Physical therapists and clinicians commonly confirm craniocervical posture (CCP), cervical retraction, and craniocervical flexion as screening tests because they contribute to non-specific neck pain (NSNP). We compared the predictive performance of statistical machine learning (ML) models for classifying individuals with and without NSNP using datasets containing CCP and cervical kinematics during pro- and retraction (CKdPR).

Design

Exploratory, cross-sectional design.

Setting and participants

In total, 773 public service office workers (PSOWs) were screened for eligibility (NSNP, 441; without NSNP, 332).

Methods

We set up five datasets (CCP, cervical kinematics during the protraction, cervical kinematics during the retraction, CKdPR and combination of the CCP and CKdPR). Four ML algorithms–random forest, logistic regression, Extreme Gradient boosting, and support vector machine–were trained.

Main outcome measures

Model performance were assessed using area under the curve (AUC), accuracy, precision, recall and F1-score. To interpret the predictions, we used Feature permutation importance and SHapley Additive explanation values.

Results

The random forest model in the CKdPR dataset classified PSOWs with and without NSNP and achieved the best AUC among the five datasets using the test data (AUC, 0.892 [good]; F1, 0.832). The random forest model in the CCP dataset had the worst AUC among the five datasets using the test data [AUC, 0.738 (fair); F1, 0.715].

Conclusion

ML performance was higher for the CKdPR dataset than for the CCP dataset, suggesting that ML algorithms are more suitable than classical statistical methods for developing robust models for classifying PSOWs with and without NSNP.
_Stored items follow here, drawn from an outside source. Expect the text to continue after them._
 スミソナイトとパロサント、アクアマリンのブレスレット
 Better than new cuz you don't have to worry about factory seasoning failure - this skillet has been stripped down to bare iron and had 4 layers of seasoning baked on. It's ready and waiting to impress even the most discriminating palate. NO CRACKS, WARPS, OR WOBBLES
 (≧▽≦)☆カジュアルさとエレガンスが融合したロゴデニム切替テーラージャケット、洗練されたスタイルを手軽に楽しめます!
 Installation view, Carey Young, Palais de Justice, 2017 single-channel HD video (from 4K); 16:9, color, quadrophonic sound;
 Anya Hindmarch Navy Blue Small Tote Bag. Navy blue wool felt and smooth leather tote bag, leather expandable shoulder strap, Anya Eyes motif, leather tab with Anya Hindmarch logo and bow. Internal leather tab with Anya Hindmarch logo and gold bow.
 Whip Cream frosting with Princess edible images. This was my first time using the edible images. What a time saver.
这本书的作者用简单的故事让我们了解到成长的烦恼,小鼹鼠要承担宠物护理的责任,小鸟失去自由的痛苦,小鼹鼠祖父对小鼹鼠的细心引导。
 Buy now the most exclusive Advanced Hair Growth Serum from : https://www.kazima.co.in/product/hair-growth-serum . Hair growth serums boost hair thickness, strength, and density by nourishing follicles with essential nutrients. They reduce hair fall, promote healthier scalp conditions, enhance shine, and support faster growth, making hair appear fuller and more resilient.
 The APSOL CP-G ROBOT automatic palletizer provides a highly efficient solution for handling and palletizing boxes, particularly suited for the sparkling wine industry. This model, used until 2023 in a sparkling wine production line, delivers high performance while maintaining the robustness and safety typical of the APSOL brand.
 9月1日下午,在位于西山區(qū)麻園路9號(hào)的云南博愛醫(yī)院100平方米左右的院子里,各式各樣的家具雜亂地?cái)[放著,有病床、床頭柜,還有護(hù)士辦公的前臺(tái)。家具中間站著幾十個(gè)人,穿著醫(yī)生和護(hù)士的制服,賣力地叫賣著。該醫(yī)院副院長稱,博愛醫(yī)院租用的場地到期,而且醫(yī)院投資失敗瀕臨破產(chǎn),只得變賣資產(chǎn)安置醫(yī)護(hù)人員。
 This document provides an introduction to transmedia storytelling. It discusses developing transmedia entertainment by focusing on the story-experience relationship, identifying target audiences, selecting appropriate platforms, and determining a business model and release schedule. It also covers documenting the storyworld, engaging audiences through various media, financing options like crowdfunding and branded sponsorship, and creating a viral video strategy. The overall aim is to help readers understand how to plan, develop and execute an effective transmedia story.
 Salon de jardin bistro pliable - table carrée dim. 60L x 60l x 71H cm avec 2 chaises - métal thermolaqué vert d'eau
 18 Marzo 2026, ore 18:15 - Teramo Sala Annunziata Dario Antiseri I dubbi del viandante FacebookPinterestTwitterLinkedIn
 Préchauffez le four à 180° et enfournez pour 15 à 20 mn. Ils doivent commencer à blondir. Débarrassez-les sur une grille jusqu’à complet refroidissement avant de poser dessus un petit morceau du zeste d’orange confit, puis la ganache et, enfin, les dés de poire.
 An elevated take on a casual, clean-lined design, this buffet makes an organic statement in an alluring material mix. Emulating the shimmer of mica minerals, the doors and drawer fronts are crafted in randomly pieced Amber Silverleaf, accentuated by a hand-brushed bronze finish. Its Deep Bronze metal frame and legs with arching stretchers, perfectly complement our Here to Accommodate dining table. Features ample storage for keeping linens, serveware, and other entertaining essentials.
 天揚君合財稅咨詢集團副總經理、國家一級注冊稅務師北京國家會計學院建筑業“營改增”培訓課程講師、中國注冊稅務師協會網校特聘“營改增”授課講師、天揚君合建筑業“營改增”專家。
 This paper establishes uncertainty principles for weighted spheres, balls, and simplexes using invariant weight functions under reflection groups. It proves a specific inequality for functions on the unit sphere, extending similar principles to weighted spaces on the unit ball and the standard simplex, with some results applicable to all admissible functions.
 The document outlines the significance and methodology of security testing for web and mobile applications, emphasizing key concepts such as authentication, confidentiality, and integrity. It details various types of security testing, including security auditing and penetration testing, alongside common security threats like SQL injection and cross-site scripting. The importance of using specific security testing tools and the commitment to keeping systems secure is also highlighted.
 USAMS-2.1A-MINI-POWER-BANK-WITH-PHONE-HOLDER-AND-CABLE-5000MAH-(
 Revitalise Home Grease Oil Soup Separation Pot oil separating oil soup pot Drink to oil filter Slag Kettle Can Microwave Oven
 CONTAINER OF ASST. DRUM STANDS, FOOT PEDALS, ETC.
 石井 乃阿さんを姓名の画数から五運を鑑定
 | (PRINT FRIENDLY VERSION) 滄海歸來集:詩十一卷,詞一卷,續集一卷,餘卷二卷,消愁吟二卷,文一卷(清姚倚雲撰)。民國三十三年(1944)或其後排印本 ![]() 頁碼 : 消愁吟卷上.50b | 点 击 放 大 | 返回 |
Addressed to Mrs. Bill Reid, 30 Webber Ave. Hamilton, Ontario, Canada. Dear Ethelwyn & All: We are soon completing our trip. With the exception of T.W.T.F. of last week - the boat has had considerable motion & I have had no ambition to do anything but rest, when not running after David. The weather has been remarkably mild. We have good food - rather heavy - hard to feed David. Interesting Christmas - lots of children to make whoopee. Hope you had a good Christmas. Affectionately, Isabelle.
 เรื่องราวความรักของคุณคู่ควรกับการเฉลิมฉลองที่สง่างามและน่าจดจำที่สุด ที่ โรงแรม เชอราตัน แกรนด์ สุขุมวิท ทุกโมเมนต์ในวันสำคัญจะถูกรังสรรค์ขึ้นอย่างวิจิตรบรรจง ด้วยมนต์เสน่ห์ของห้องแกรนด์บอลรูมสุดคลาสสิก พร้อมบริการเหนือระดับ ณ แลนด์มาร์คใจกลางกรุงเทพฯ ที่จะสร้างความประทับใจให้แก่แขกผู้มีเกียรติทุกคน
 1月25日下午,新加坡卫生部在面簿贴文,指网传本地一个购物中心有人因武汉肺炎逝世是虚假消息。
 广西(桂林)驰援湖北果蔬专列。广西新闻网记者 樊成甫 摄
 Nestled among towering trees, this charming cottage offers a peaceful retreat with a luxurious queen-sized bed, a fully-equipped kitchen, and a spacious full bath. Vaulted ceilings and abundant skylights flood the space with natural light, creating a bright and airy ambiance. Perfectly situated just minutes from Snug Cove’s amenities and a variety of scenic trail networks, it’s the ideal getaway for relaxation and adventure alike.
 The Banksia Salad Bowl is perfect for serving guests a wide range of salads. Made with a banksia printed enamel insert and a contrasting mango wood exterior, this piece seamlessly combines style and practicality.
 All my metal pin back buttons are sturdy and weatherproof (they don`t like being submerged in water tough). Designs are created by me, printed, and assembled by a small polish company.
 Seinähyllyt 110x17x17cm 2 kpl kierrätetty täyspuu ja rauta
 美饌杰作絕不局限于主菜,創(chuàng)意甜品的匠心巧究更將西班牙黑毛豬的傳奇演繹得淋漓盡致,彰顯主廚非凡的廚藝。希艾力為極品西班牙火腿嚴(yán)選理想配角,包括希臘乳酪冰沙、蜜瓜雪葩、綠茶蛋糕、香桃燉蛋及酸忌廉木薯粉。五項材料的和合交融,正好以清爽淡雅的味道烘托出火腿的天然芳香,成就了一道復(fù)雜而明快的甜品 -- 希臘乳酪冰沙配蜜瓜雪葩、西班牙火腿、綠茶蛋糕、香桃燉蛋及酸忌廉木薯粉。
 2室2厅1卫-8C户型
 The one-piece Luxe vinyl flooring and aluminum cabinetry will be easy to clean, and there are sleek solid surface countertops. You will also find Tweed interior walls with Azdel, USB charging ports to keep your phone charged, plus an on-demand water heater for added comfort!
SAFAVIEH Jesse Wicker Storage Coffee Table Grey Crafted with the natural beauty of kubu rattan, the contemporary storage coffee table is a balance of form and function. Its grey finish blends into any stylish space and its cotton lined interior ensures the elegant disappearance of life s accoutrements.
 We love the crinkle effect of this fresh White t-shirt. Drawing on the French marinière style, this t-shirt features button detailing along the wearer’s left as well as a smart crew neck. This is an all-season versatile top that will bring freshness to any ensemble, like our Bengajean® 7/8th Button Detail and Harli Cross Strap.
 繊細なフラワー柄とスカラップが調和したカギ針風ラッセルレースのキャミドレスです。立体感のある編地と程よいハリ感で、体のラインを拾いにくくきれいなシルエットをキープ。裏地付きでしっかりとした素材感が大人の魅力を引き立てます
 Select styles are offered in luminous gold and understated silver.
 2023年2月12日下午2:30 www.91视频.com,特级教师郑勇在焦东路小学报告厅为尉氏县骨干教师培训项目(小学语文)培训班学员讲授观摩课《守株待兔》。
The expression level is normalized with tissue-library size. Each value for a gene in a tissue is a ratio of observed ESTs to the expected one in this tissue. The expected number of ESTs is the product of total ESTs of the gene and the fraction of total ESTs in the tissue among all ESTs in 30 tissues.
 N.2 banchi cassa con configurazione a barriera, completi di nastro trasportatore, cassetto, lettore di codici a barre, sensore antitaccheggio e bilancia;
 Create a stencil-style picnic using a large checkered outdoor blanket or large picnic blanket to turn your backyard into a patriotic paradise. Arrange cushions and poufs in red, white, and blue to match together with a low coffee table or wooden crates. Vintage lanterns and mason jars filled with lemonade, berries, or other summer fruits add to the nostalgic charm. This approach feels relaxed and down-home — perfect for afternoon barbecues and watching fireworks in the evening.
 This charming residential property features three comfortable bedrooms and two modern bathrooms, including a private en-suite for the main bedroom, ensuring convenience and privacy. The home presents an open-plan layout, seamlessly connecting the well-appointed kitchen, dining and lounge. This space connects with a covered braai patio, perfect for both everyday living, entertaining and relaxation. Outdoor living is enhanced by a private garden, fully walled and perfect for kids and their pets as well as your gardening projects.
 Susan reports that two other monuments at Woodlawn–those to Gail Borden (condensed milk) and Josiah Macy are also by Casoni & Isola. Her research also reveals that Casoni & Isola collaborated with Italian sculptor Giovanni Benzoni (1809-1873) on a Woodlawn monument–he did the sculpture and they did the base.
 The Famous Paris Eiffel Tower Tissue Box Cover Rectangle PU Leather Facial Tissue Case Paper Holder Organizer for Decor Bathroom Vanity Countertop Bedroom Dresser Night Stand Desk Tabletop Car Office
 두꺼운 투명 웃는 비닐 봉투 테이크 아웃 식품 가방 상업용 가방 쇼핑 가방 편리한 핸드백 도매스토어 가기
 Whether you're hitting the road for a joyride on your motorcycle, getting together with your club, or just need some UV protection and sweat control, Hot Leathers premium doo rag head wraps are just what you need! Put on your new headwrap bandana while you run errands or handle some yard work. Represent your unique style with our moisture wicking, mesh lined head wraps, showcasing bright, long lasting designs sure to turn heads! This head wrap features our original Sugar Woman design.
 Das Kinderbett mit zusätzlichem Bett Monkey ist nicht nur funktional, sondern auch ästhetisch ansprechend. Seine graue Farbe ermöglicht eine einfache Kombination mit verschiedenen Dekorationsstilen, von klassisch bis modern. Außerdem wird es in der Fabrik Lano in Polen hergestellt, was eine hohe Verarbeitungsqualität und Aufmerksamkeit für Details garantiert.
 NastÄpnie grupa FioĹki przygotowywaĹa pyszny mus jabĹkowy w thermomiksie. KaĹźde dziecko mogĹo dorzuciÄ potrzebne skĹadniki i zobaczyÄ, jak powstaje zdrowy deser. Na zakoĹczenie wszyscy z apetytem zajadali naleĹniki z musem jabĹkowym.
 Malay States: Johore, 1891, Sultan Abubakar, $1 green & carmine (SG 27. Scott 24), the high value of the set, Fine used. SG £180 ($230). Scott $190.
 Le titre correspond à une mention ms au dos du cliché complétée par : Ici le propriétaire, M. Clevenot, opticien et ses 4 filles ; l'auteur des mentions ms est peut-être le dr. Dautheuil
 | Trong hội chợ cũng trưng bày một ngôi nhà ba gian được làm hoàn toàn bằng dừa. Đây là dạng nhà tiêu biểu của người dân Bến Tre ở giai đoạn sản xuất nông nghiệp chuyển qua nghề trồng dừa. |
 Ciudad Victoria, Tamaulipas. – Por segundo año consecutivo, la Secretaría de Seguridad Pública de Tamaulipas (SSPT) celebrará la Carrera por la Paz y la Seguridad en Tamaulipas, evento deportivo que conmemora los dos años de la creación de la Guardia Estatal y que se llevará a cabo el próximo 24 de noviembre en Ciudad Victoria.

利用颅颈姿势和运动对非特异性颈痛进行分类的机器学习模型
物理治疗师和临床医生通常会将颅颈姿势(CCP)、颈椎后缩和颅颈屈曲确认为筛查测试,因为它们会导致非特异性颈痛(NSNP)。我们比较了统计机器学习(ML)模型的预测性能,这些模型使用包含 CCP 和颈椎前伸与后缩运动学(CKdPR)的数据集对患有和不患有非特异性颈痛的人进行分类。探索性横断面设计。共有 773 名公共服务办公室工作人员(PSOW)接受了资格筛查(NSNP,441 人;无 NSNP,332 人)。我们建立了五个数据集(CCP、牵引时的颈椎运动学数据、牵引时的颈椎运动学数据、CKdPR 以及 CCP 和 CKdPR 的组合)。训练了四种 ML 算法--随机森林、逻辑回归、极梯度提升和支持向量机。使用曲线下面积(AUC)、准确率、精确率、召回率和 F1 分数评估模型性能。为了解释预测结果,我们使用了特征置换重要性(Feature permutation importance)和SHapley加性解释值(SHapley Additive explanation values)。CKdPR 数据集中的随机森林模型对含有和不含 NSNP 的 PSOW 进行了分类,并在使用测试数据的五个数据集中获得了最佳的 AUC(AUC,0.892 [良好];F1,0.832)。在使用测试数据的五个数据集中,CCP 数据集中的随机森林模型的 AUC 最差[AUC,0.738(尚可);F1,0.715]。CKdPR 数据集的 ML 性能高于 CCP 数据集,这表明 ML 算法比传统统计方法更适合开发稳健的模型,用于对有无 NSNP 的 PSOW 进行分类。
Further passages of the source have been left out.